Data shown START

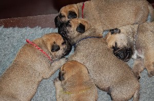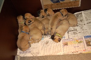 | De laatste foto dat alle pups nog bij elkaar in hun werpkist liggen. Na vandaag gaan de pups langzaam maar zeker naar hun nieuwe baasjes. | |
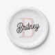Prato De Papel Monograma Personalizado Moderno e Nome Pastel Rosa
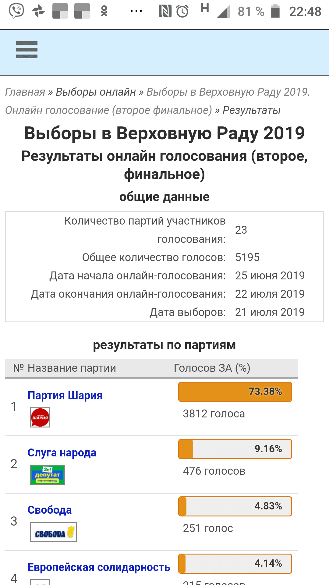 У украинского ЦИК нет же русской версии? ) Шарий набирает столько же, сколько националисты Свободы и в три раза больше чем львовская Самопомощь. Центральна виборча комісія - Вибори народних депутатів України 2019

Data shown END

• _Task_: Keeping pictures out, repeat exactly the lines from the one containing "Prato De Papel" through the end of the listing.

• _Expected answer_:
Prato De Papel Monograma Personalizado Moderno e Nome Pastel Rosa
 У украинского ЦИК нет же русской версии? ) Шарий набирает столько же, сколько националисты Свободы и в три раза больше чем львовская Самопомощь. Центральна виборча комісія - Вибори народних депутатів України 2019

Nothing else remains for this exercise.